-------- SUPPLIED RECORDS --------
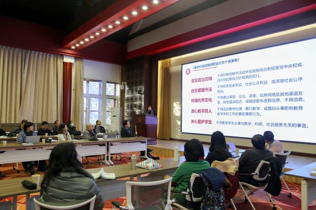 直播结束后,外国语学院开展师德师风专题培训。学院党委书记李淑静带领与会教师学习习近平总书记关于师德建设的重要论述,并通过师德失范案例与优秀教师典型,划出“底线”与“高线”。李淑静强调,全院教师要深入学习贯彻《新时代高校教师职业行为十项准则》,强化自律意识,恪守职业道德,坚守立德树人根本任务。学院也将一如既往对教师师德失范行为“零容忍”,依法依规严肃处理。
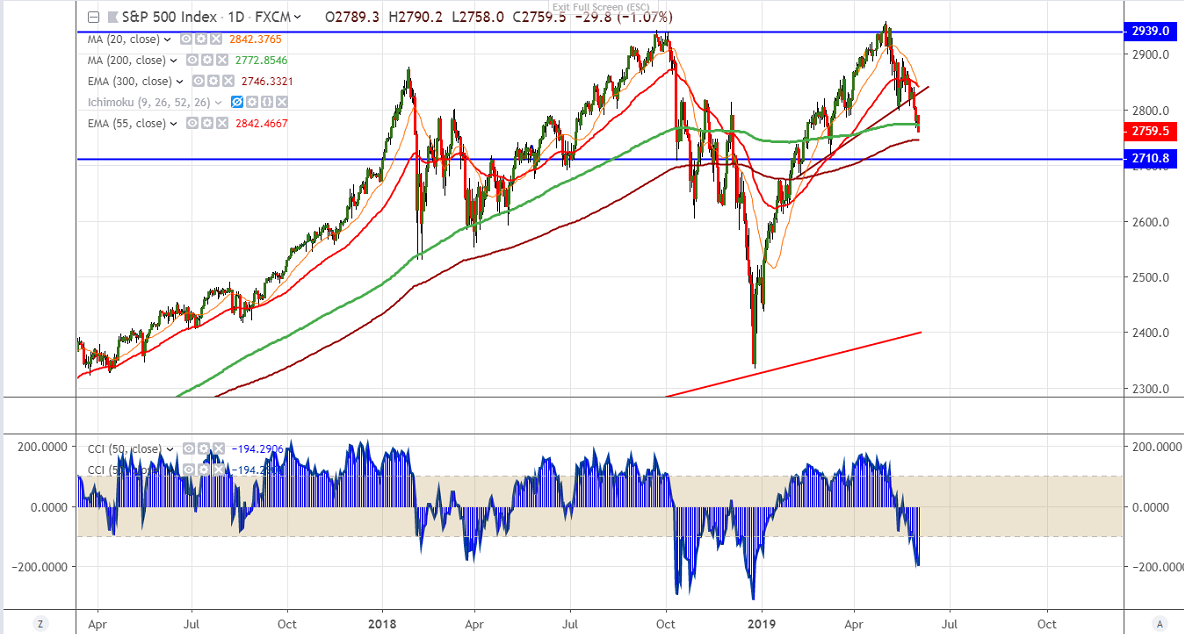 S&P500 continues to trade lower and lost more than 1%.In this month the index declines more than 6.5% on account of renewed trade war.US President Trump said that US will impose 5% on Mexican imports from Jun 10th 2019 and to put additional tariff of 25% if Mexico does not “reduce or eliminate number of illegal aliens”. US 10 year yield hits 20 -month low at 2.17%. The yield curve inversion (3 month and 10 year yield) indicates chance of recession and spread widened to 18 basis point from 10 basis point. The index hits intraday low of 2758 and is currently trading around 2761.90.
--------
-------- SUPPLIED RECORDS --------
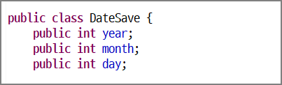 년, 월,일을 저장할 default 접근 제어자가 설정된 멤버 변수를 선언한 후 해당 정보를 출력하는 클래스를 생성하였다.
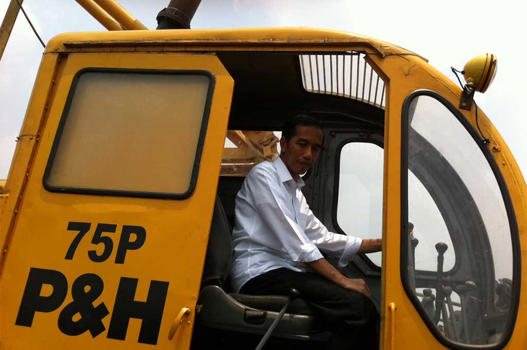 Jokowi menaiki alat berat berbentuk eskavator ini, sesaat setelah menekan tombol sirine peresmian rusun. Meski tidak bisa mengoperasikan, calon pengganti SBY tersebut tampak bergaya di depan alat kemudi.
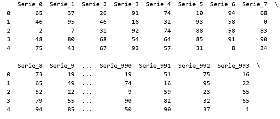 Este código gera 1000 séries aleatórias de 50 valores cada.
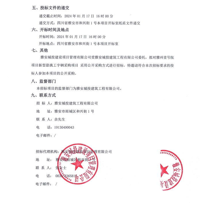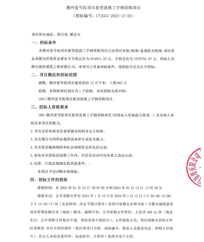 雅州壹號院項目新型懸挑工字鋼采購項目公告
--------
-------- SUPPLIED RECORDS --------
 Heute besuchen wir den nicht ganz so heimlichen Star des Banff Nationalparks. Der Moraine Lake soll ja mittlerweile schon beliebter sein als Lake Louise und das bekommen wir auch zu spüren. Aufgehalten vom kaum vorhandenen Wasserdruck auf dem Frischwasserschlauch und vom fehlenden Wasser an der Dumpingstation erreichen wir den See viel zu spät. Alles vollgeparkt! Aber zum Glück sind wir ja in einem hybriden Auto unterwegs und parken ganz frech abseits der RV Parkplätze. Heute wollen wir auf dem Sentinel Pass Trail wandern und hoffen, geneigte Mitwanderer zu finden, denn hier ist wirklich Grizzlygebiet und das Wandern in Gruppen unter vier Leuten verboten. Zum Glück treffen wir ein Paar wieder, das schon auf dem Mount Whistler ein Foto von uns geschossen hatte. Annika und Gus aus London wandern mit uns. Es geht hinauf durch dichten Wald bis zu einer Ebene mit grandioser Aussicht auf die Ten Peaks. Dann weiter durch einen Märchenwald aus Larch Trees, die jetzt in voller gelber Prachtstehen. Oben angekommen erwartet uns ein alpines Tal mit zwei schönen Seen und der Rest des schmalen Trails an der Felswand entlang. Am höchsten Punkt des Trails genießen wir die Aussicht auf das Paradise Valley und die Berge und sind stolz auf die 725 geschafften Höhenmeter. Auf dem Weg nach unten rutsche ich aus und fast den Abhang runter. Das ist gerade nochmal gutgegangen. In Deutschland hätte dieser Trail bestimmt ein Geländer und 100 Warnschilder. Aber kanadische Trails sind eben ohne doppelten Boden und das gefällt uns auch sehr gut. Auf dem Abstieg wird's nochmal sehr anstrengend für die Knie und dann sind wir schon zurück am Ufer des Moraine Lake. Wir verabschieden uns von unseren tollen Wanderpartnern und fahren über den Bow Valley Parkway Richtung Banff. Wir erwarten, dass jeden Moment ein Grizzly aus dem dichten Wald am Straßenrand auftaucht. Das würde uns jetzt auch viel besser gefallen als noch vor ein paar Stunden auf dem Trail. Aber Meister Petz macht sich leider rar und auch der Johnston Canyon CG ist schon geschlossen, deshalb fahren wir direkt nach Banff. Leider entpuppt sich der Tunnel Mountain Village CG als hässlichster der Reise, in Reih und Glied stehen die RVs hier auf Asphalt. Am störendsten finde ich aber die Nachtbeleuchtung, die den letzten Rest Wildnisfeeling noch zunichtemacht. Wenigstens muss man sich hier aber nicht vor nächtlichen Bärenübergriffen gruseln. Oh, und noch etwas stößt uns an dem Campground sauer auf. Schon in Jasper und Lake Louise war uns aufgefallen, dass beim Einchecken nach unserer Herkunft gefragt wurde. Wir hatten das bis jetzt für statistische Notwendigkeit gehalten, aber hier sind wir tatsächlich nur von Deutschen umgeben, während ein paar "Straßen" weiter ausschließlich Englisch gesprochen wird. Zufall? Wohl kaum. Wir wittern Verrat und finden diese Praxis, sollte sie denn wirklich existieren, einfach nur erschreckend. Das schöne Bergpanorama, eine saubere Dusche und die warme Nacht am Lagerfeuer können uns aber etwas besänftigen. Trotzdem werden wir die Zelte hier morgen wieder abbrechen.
--------
ACTIVITY: Everything above from the line with "Este código gera" through the line with "雅州壹號院項目新型懸挑工字鋼采購項目公告" should be retyped exactly, and nothing else; omit pictures.

ANSWER FOR THE TASK:
 Este código gera 1000 séries aleatórias de 50 valores cada.
 雅州壹號院項目新型懸挑工字鋼采購項目公告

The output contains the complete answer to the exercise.